A better goal of U.S. economic aid would be to lay the foundations of the next Silicon Valley or the next emerging arts scene on the banks of the Nile or the Jordan. New media technologies are not born of rural microloans. American policy should help emerging middle-class entrepreneurs ascend the ranks of their societies and create a culture of meritocracy for those who will follow. A U.S.-sponsored venture capital fund, geared toward this particular demographic, could fill an important need.
American policymakers can also address the absence in the Middle East of good investment exit strategies, such as selling a business to larger competitors or holding an initial public offering (IPO) in the local stock market. In Egypt, the situation improved in 2007 when the Cairo and Alexandria Stock Exchange rolled out NILEX, an exchange designed to attract small- and mid-cap companies and modeled on London’s AIM market. But the U.S. could help matters further by offering technical assistance to other regional stock exchanges, encouraging IPOs for emerging companies.
Another exit strategy in need of American assistance, ironic as it may sound, is bankruptcy. Bankruptcy is important to middle-class growth because it gives entrepreneurs the flexibility to experiment and a cushion against failure. Bankruptcy laws bring transparency to the separation of personal and company liability, and they clarify the rights of creditors and debtors. While the countries of the Gulf Cooperation Council (GCC)—Saudi Arabia, Bahrain, Kuwait, Oman, Qatar, and the United Arab Emirates—have relatively advanced legal frameworks, they also maintain debtors’ prisons, which would dissuade the most adventurous businessperson. In Egypt, commercial law derives from a tangle of sharia, socialism, the Napoleonic Code, and British influence. The result is a system that, according to Andrew Bossone, provides “no functional equivalent of ‘bankruptcy protection’ . . . that would allow a company . . . to re-organize and beat insolvency.”

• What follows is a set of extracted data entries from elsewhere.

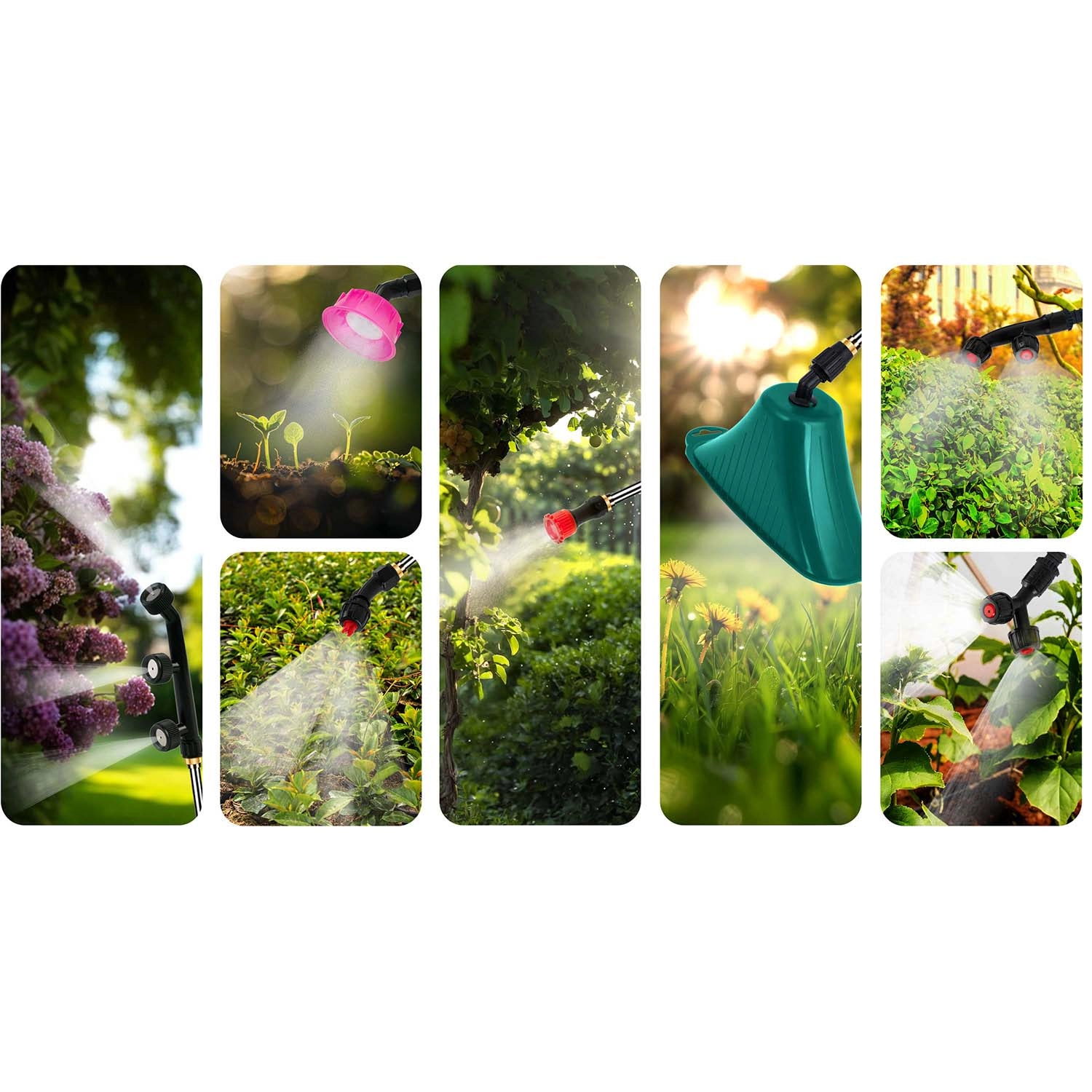 A finom ködtől az irányított sugárig – a 8 fúvókából álló készlet, beleértve a lapos, dupla és átfolyásszabályzós fejeket, pontos lefedettséget nyújt. A négyszórófejes keret egyszerre akár 108,5 cm szélességben permetez.
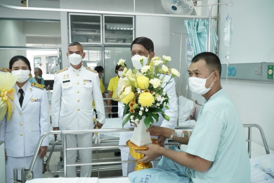 'ในหลวง'โปรดเกล้าฯ ผู้ว่าฯยะลาเชิญดอกไม้และตะกร้าสิ่งของพระราชทานมอบให้ทหารพรานที่ได้รับบาดเจ็บจากการปฏิบัติหน้าที่
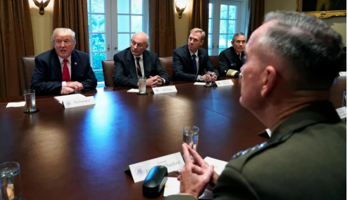 Nhiều vị trí cấp cao trong chính phủ được ông Trump chọn từ hàng ngũ tướng lĩnh. Như tướng về hưu John Kelly ban đầu được chọn vào vị trí Bộ trưởng An ninh nội địa, sau đó được chuyển sang làm Chánh Văn phòng Nhà Trắng thay ông Reince Priebus. Tướng H.R. McMaster được chọn là Cố vấn An ninh Quốc gia. Cả hai nhân vật này có tham gia cuộc gặp chiều 5-10. Bình thường ra vào Nhà Trắng ông McMaster mặc thường phục, nhưng trong cuộc gặp này ông đã mặc quân phục.
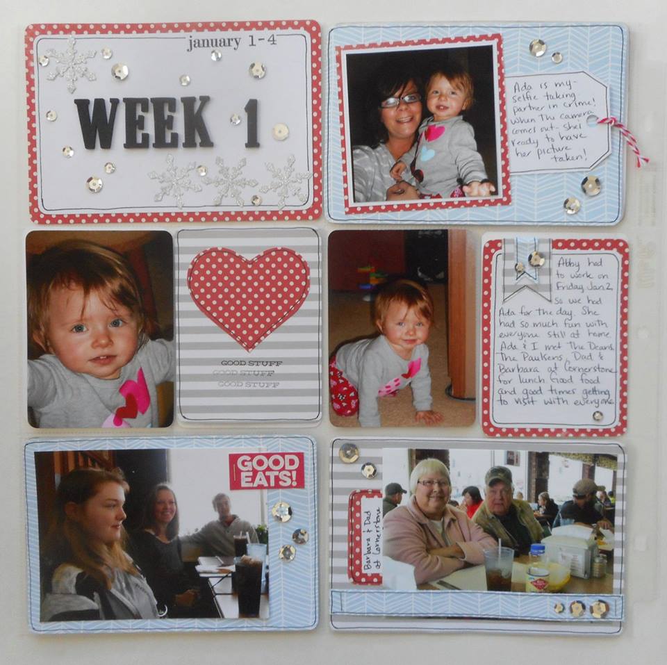 That makes Maven Lori's card and page a perfect fit for today! She created a weekly title page using snowflakes and sequins. That black is so striking on the white along with the little red polka dot.

Helping Arab entrepreneurs could have the positive effect of encouraging broader reforms in the region. Middle-class fortunes rise or fall according to the quality of transparency, civil society, and domestic governance. When these institutions don’t work in its favor, the middle class is uniquely able to rouse leaders for political and regulatory reform from within. Even a corrupt and insulated leadership is tempted to respond to middle-class complaints, realizing that action could result in economic growth, higher tax receipts, and good publicity. Moreover, institutional reform brought about by an agitated middle class has far more legitimacy than anything an intervening foreign power would enforce.
Not even the harshest American critics could credibly object to our support of the Arab world’s enterprising young people. Aiding the middle class would build goodwill, foster economic growth, and quietly create an influential constituency for reform in the Middle East—and that would be good news for the Arab world and the United States.